Retailers across the country have been hit by lockdowns, forcing them to find new ways to stay relevant and operational in the age of COVID-19. While many restaurants have stayed afloat through delivery service, retailers are now wondering how they can weather the pandemic as well. Here are 3 steps that could help your business.

1. Go Digital

The  most important thing to do is to ensure that your digital presence is up and running. Companies that were mostly web-based prior to the crisis have faced less trouble in the past months, while businesses that were solely operating in-store are now kicking themselves.

Alex Fitzgerald, a manager of consumer practice at consulting firm Kearney, says that while smaller businesses are quickly adapting to engage with customers online, large brick-and-mortar retailers, like most department stores, are having trouble keeping up. These more traditional stores usually rely heavily on in-person shopping, especially in shopping malls, which have been shut-down amid the pandemic. But out of the crisis could also come opportunity for newer companies to gain market share online.

Fitzgerald says of the sudden surge in e-commerce, “If you think about long-term shifts, this is an acceleration towards digital…We were already seeing it, but this just changes it to beyond just commerce to really solidify the role that digital can play in engagement.”

It’s also important to recognize that people stuck at home might be more incentivized than ever to indulge online shopping sprees. The combination of boredom and a credit card might lead to great revenue streams for online businesses.

2. Employ A Preorder or Backorder Model

Although the surge in e-commerce represents expanded opportunity, increasing supply-chain issues caused by travel and business restrictions pose a risk. One way to handle this issue is to use a pre-order model.

A pre-order model involves informing customers that their items will take longer than usual to ship.

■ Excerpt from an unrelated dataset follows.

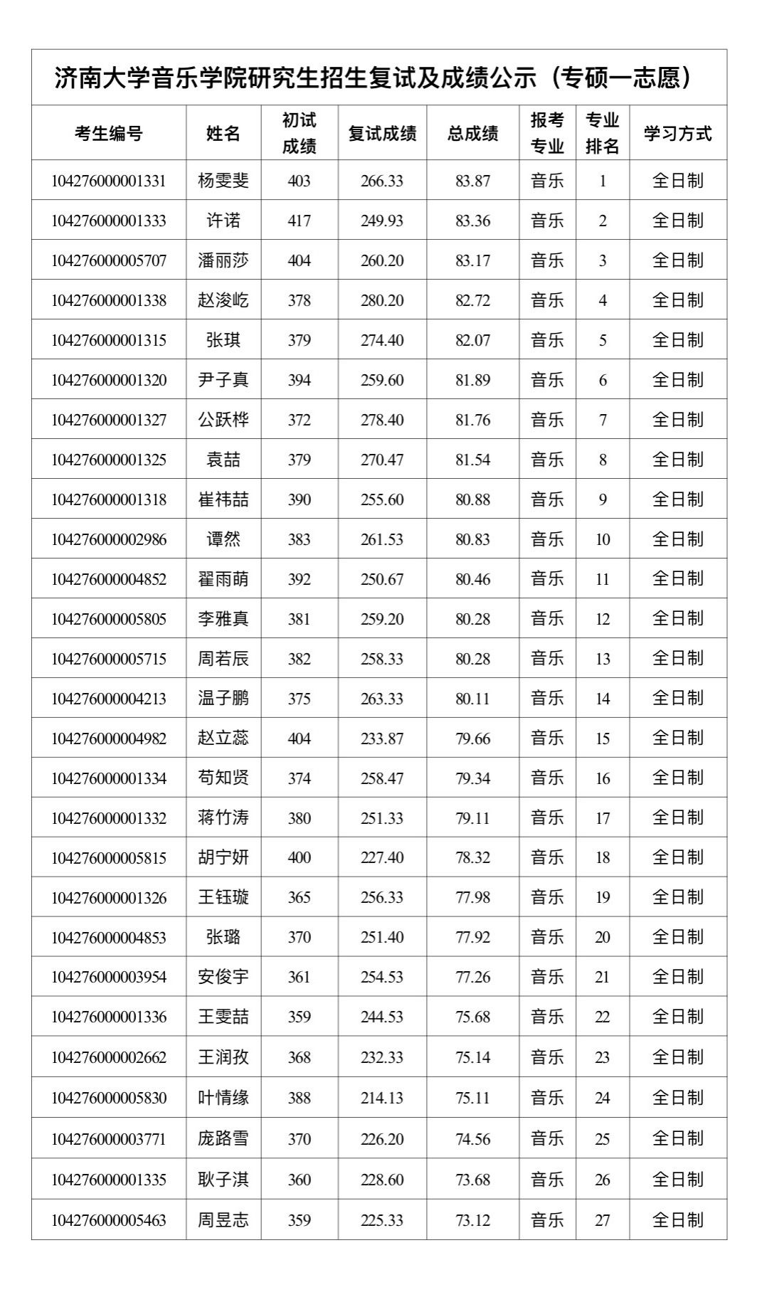 济南大学音乐学院研究生招生复试及成绩公示(2026)

If communication is immediately clear and specific, customers will feel more comfortable as they await their purchase, and less likely to cancel a delayed order. 

Helena Price Hambrecht, the co-founder of Haus, a direct-to-consumer alcohol brand, says that pre-order models can “fill in at least some gaps [as retailers work] to navigate uncertain and ever-evolving conditions successfully.” However, she does warn that in order for the system to work, you must provide customers with a specific date for delivery.  “If you cannot confidently share a delivery date with the customer, you are sold out,” she warns. “Don’t sell what you can’t deliver.”

Ironically, the model is most essential when it comes to less expensive products. Customers making a large purchase generally don’t mind waiting a little longer for their big-ticket item to arrive. But people tend to get more impatient when waiting around for cheaper consumables.

3. Alter Your Marketing Approach

Lastly, changing times call for a change in marketing. During this lockdown period, people are craving interpersonal communication and a personal touch more than ever. Creating and expanding loyalty programs will ensure returning customers. Adding small touches like a personal note to a delivery can also strengthen consumer sentiment toward your business.

With close personal contact restricted, visible signage has also become much more important. If you have a physical location, make sure any new or improved delivery and contactless services are clearly advertised. Add that personal touch by making your signage humorous or relatable, showing that we are all experiencing hardship together.